After acquiring skills through a series of research exercises and increasingly complex writing
assignments, students use those skills to solve problems for simulated clients. They learn to
create some of the most important documents that attorneys use to communicate: letters to
clients, memoranda to other lawyers, and briefs to judges. Much of the learning in the course
happens outside the classroom as students work in the role of attorneys, writing and rewriting
these documents. They also work collaboratively with their peers in class to formulate and
articulate arguments and meet individually with their Legal Writing Instructors to discuss the
critique of their assignments.
The culmination of the first term is a large research problem. Students must bring to bear all the
research skills they have learned during the semester and write a memorandum to a senior
attorney, laying out the applicable law and using that law to support their conclusions about the
problems likely outcome.
In the spring term, students learn persuasive writing techniques, write a motion brief addressed to
a trial judge, and argue the motion. The final assignment of the year is a brief to a mock court of
appeals and an oral argument at the federal courthouse in Philadelphia before a panel of
practicing lawyers and judges. By the end of the year, students will have reached a level of
mastery of basic lawyering skills that will allow them to tackle whatever problems they
encounter in their first legal jobs.
Upper-level Courses

All law school courses develop lawyering skills, but some focus more closely on the
communication, advocacy, and research skills introduced in Legal Writing.
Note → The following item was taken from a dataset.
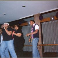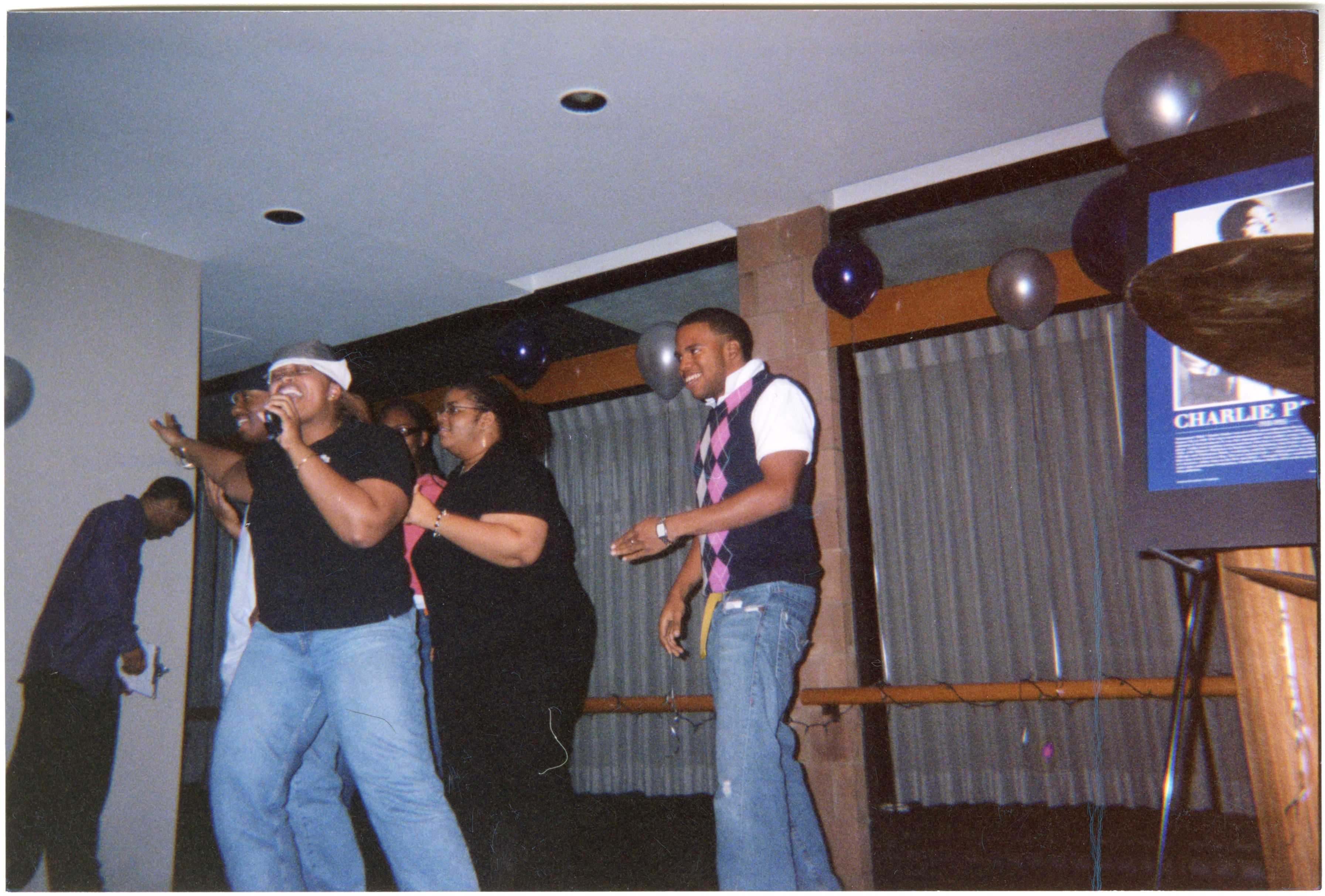 Color photograph of students performing at the Black Student Union's "Harlem Night" presented by "Boom-Boom Room" in Wilkson Coffee House on North Campus, 2005.

All law students are required to complete an upper-level writing project. This paper must be
supervised by a faculty member and must go through at least one set of comments and revisions.
Advanced Legal Research is a small class taught by Penns JD-degreed librarians. It
emphasizes hands-on work on sophisticated research problems that lawyers encounter in
practice.
Appellate Advocacy is taught in small sections by practicing appellate advocates during the fall
of the second year. Students receive advanced writing and oral advocacy training and the benefit
of critique from experienced appellate lawyers.
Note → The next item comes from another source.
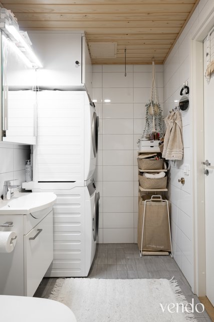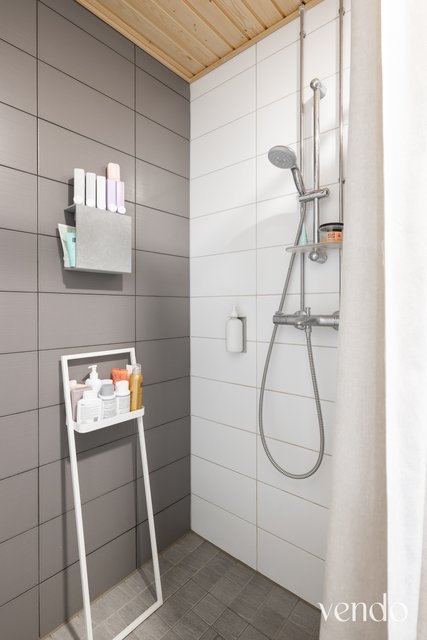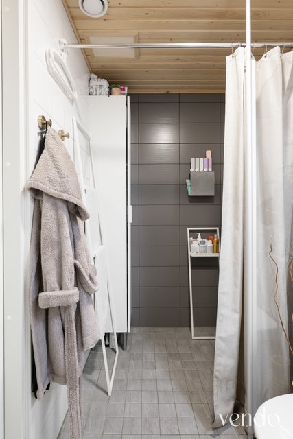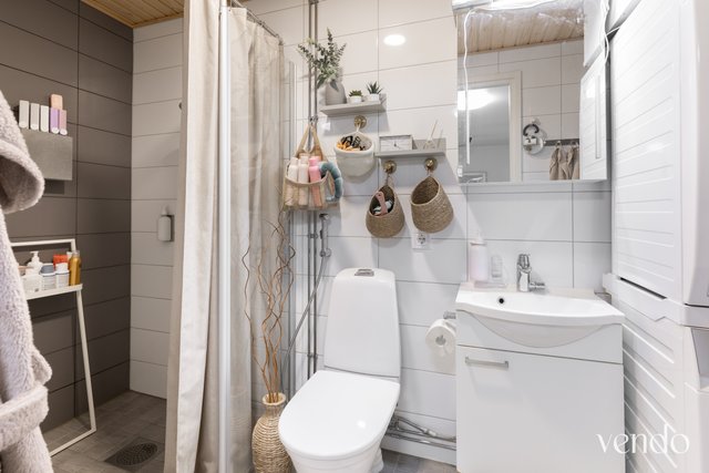 - WC-istuin, suihku, pesukoneliitäntä, peilikaappi, pesuallas, allaskaappi, ja bidee-suihku

Civil Pretrial Litigation is a simulation course in which students take a mock case from initial
client contact though settlement. This class is writing-intensive and expands on the litigation
skills taught in the first-year course.

Contract Drafting teaches students to negotiate, draft, and revise contracts. The class addresses
both the substance and style of standard contract provisions.
Trial Advocacy is taught by expert trial attorneys and judges.
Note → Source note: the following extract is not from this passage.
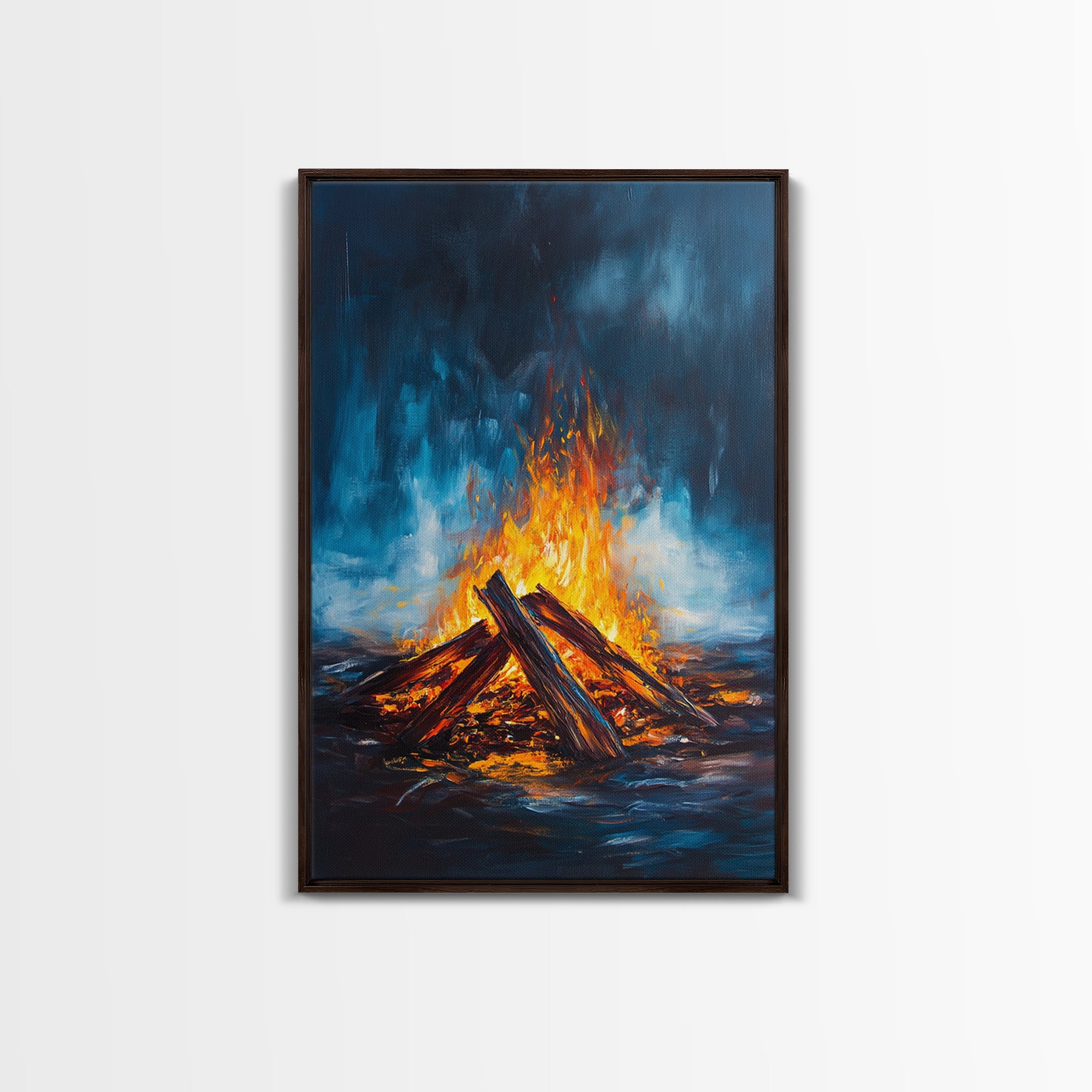 Bonfire Night, Moody Art, Rustic Decor, Canvas Print, Fire Art, Dark Romance Painting, Fall Wall Art, Cozy Living Room Art, Gift Idea

Writing for Practice covers writing in a transactional setting in which lawyers are advisers and
problem-solvers for their clients. Students draft opinion letters and due diligence documents,
focusing on making complex ideas understandable to clients
Advocacy Competitions - There are many co-curricular and extracurricular moot court and
mock trial competitions students can participate in to hone their skills.
Legal Writing for LLMs

U.S. Legal Research and Writing is a required course for all LLM students. The course starts in
the summer and continues into the first third of the fall semester. U.S. Legal Research and
Writing focuses on basic legal research, legal analysis, particularly the use of precedent in a
common law system, and cogent written and oral communication skills.